Maria René Cruz Moscoso
La veo y me emociona su linda sonrisa, que oculta sus pequeños y profundos ojos. Está vestida con un vibrante traje verde esmeralda, un tono que a ella le fascina. Pide a sus cuatro hijos —tres mujeres y un varón— que se apresuren para llegar a tiempo a la fiesta. De pronto, se desfigura su rostro. Con una mueca de dolor, se lleva la mano al estómago y una mancha roja, un líquido profuso empapa su elegante ropa… Despierto bañada en sudor y con el pecho oprimido. Y es que estos sueños o pesadillas sobre mamá son recurrentes, son sombras persistentes, son dolores que martillan, desde aquel 16 de diciembre de 2016.

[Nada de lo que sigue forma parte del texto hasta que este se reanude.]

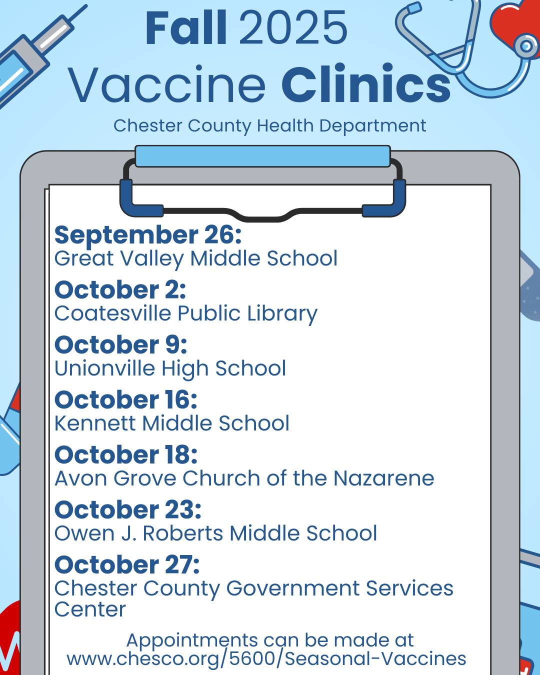 Vaccine Clinics Hosted by Chester County Health Department

La tristeza es como un columpio, va y viene, a veces con fuerza, a veces tenue, pero está ahí. Es un tema espinoso para papá, para mí, mis dos hermanas y hermano, hablar abiertamente sobre el cáncer de mamá. A casi ocho años de su deceso, me animo a hurgar en el dolor.
Y todo comienza, o se desentierra, con una foto que me llega a WhatsApp de una prima a la que se le ocurrió limpiar su computadora. Me hiela la sangre al ver la imagen de mamá postrada en la cama del hospital. Está dormida tras su operación de colocado de una sonda gástrica para su alimentación. Lleva un pijama azul. Tiene las manos cruzadas que se ven amoratadas de tantos pinchazos.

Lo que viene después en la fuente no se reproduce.